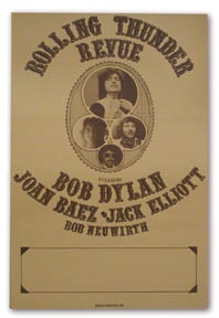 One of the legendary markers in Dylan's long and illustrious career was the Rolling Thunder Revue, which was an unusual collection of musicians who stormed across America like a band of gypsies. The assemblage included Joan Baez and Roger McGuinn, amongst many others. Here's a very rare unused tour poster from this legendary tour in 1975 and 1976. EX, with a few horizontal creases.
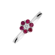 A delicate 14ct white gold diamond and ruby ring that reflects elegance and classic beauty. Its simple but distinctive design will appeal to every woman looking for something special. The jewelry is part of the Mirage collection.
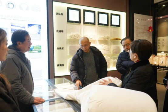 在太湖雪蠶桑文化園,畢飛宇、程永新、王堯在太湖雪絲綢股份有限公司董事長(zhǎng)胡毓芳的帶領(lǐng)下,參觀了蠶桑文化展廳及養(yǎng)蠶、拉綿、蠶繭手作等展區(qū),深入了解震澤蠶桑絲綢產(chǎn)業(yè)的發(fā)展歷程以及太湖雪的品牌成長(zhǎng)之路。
...
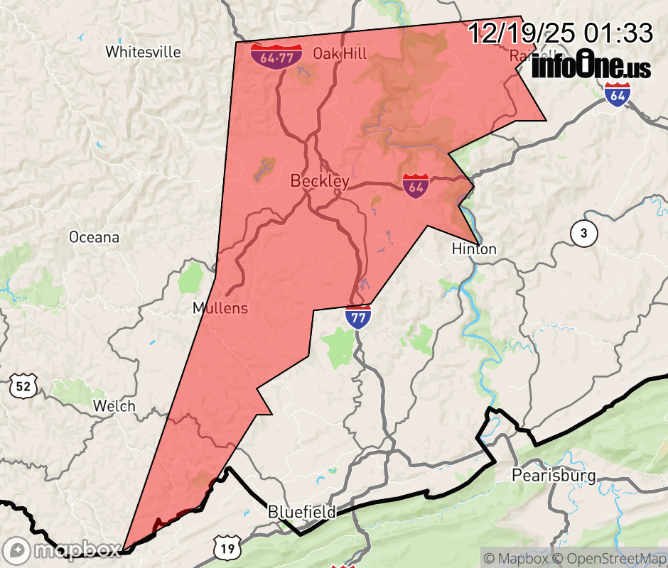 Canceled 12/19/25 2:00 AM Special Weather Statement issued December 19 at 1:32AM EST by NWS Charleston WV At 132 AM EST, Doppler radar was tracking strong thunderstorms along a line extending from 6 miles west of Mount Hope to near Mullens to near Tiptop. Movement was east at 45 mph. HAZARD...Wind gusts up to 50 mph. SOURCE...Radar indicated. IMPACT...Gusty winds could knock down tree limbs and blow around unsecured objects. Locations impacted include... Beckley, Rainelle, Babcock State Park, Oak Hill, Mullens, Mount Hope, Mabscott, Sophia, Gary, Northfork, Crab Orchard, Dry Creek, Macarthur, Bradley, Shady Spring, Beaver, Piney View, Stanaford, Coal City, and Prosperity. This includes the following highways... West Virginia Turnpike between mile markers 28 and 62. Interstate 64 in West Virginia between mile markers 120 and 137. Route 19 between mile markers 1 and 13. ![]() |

*WORK ORDER*.
Copy exactly the lines of the listing above between the one holding "A delicate 14ct" and the one holding "在太湖雪蠶桑文化園,畢飛宇、", inclusive; omit all pictures.

*EXPECTED ANSWER*.
 A delicate 14ct white gold diamond and ruby ring that reflects elegance and classic beauty. Its simple but distinctive design will appeal to every woman looking for something special. The jewelry is part of the Mirage collection.
 在太湖雪蠶桑文化園,畢飛宇、程永新、王堯在太湖雪絲綢股份有限公司董事長(zhǎng)胡毓芳的帶領(lǐng)下,參觀了蠶桑文化展廳及養(yǎng)蠶、拉綿、蠶繭手作等展區(qū),深入了解震澤蠶桑絲綢產(chǎn)業(yè)的發(fā)展歷程以及太湖雪的品牌成長(zhǎng)之路。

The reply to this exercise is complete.